Other elements of tax reform include a one-time repatriation tax as well as changes to interest-income deductions, but neither was touched on in Trump’s speech.
“These are conversation pieces that may very well be on the table, but nobody understands how they will come to pass and in what shape … whether there may be exemptions, for example, for companies with less than $1 billion in revenue,” Mr. Thompson said.
Chad Bown, a senior fellow at the Peterson Institute for International Economics who has held top economist positions at the White House and World Bank, said that the border tax adjustment and the repeal and replacement of the Affordable Care Act (ACA) appear to be tied together politically. He said the unexpected nature of Trump’s election win has delayed filling execution-branch positions, leading many to believe “pent up” Republican legislation could dominate early on. Trump has emphasized dealing with the ACA, one of his top campaign promises, and before his inauguration downplayed the border adjustment issue, saying it was too complicated to deal with initially.
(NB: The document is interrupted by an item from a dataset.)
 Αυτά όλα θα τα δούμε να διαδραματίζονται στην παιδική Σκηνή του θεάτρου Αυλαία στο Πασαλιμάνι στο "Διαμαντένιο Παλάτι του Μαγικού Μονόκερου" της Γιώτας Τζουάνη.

“We get the sense here that those two things in particular are going hand in hand,” Mr. Bown said, adding that the House leaders appear to have put pressure on the administration, saying it shouldn’t delay tax-reform consideration if it wants cooperation on the ACA issue.
Nevertheless, Mr. Bown said, corporate tax reform is very much expected to be first in line, and although rumors have circulated that the Trump administration’s proposal will be released imminently, that has yet to happen. He added that the border-adjustment tax, and whether President Trump supports it, will be a key element because it is a revenue source for the overall tax package.
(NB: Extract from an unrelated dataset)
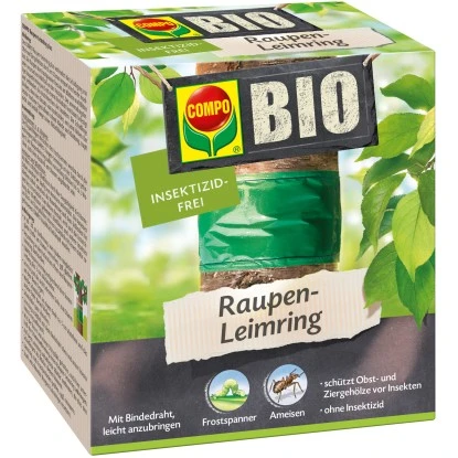 Compo Bio Raupen-Leimring verhindert die Schädigung von Obst- und Ziergehölzen durch am Stamm empor kriechende Insekten, wie z.B. Frostspannerraupen. Der Leimring ist leicht anzubringen, hat zusätzlich einen Bindedraht, tropft nicht und behält lange seine Klebefähigkeit. Insektizidfrei.

“If it turns out to be too politically controversial for either him or the Senate, and it gets taken off the table, it will make it much more difficult to score the overall proposal to be revenue neutral,” Mr. Bown said, “They would have to get creative, and while they could still do it, it would be a different plan.”
Politically, such a tax could indeed by controversial, since it’s essentially shifting taxes onto the consumer. Mr. Bown said the consumption tax is a reasonable economic argument, because consumers are less mobile than businesses, and so less able to move to more favorable jurisdictions. In addition, a consumption tax such as this one, similar to value-added taxes that are already common in other developed countries, are favored by economists because they remove distortions resulting from businesses making decisions based on tax policies.
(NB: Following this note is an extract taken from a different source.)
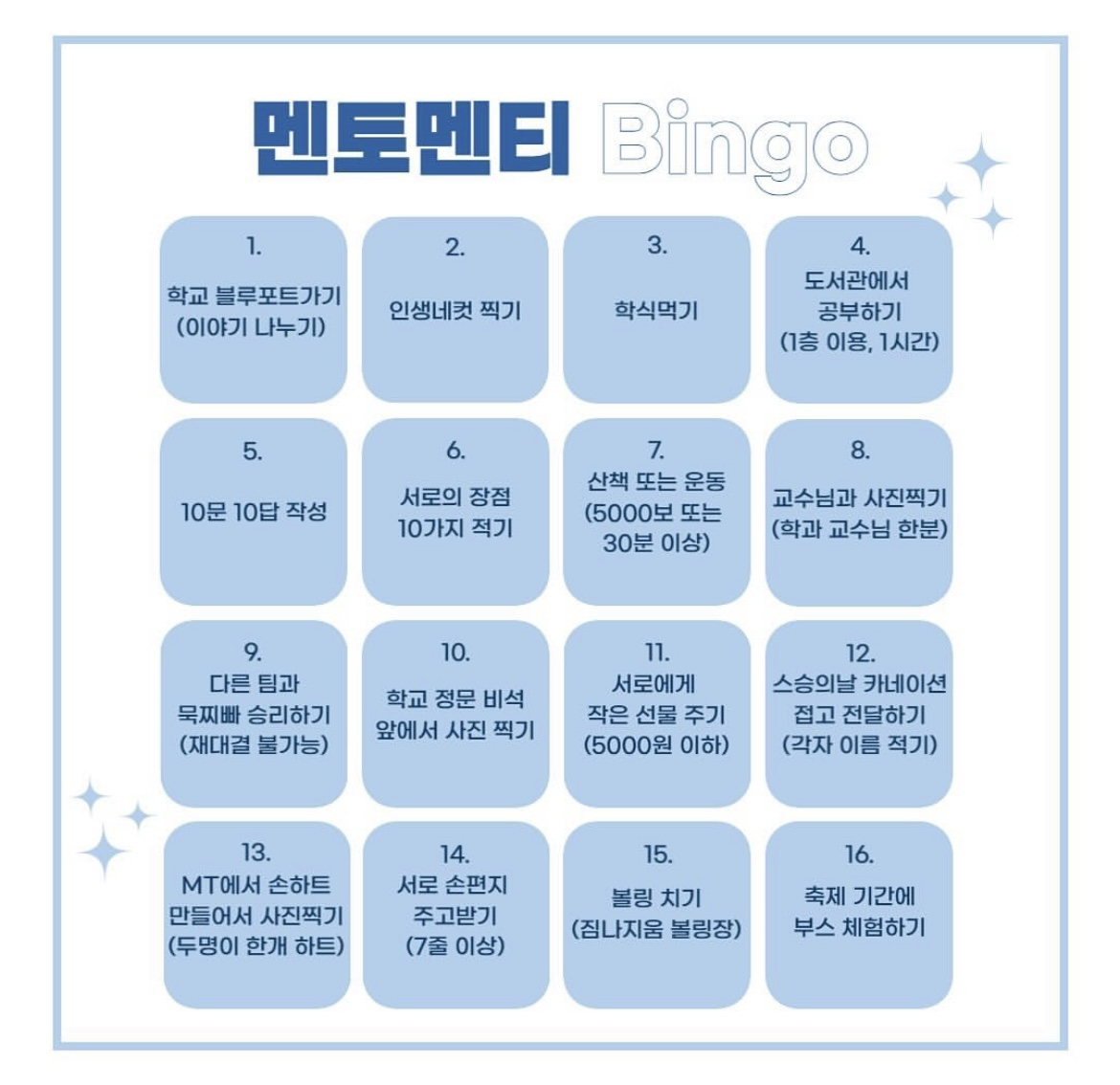 신입생과 선배의 멘토멘티 프로그램을 통하여 화합을 다지고자 학과 자체 빙고프로그램 미션 달성 프로그램 운영하였습니다. 운영결과 빙고프로그램에 선착으로 먼저 채우는 팀이 선정되어 결과를 안내드립니다.

“What’s nice about the border adjustment tax is that it closes the system and helps address other problems, especially in terms of multinationals’ production, where today they have incentives to engage in corporate inversions and do strange things with transfer pricing, to avoid getting taxed in higher rate jurisdictions,” Mr. Bown said. “All of that goes away with border tax adjustment.”
Nevertheless, instituting such as tax faces big hurdles that could take time to overcome. Corporates that rely heavily on imports, such as retailers, are firmly opposed to the measure, while big exporting companies, such as GE, Caterpillar and pharmaceuticals, are in favor.
“So you have this interesting outcome, where companies that typically have aligned with each other, because they’re very involved in trade, whether exporting or importing, are coming down on different sides of this issue,” Mr. Bown said.
In addition, a consumption tax is regressive, since poorer people spend much more of their budgets on household goods. Such a tax might therefore be accompanied by changes to the US redistribution policies, such as cuts in income or payroll taxes for lower income taxpayers, to make it more politically palatable.
“But there’s nothing on the table to do that,” Mr. Bown said.